= Fair Trade Certified Mark =

The Fair Trade Certified Mark is a fair trade certification mark used primarily in the United States and Canada. It appears on products as an independent guarantee that disadvantaged producers in the developing world are getting a better deal. The Fair Trade Certified Mark is the North American equivalent of the International Fairtrade Certification Mark used in Europe, Africa, Asia, Australia and New Zealand.

For a product to carry either Certification Marks, it must come from Fair Trade USA inspected and certified producer organizations. The crops must be grown and harvested in accordance with the fair trade standards set by Fair Trade USA. Some of the supply chains are also monitored by FLOCERT to ensure the integrity of labelled products. Only Fair Trade USA (formerly "TransFair USA") licensees can use the Fair Trade Certified Mark on their products.

The Fair Trade Certified Mark in the United States was introduced by TransFair USA on the American market in 1998.

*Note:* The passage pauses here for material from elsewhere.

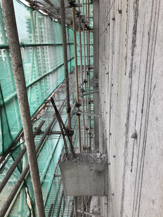 A、脚手架架体离墙间距过大,无防护
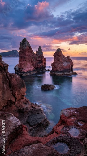 Dramatic sunset over rugged red rock coastline with teal ocean and colorful sky

In 2012 a variation of the US Fair Trade certification mark was adopted with the benefit of being registered globally as a trade mark. The mark is designed to pop better on the shelf through a far simpler design and the use of color. The one basket with outstretched hands indicates sharing and a "give and take" between producers and purchases. The green signals the environmental strength of Fair Trade.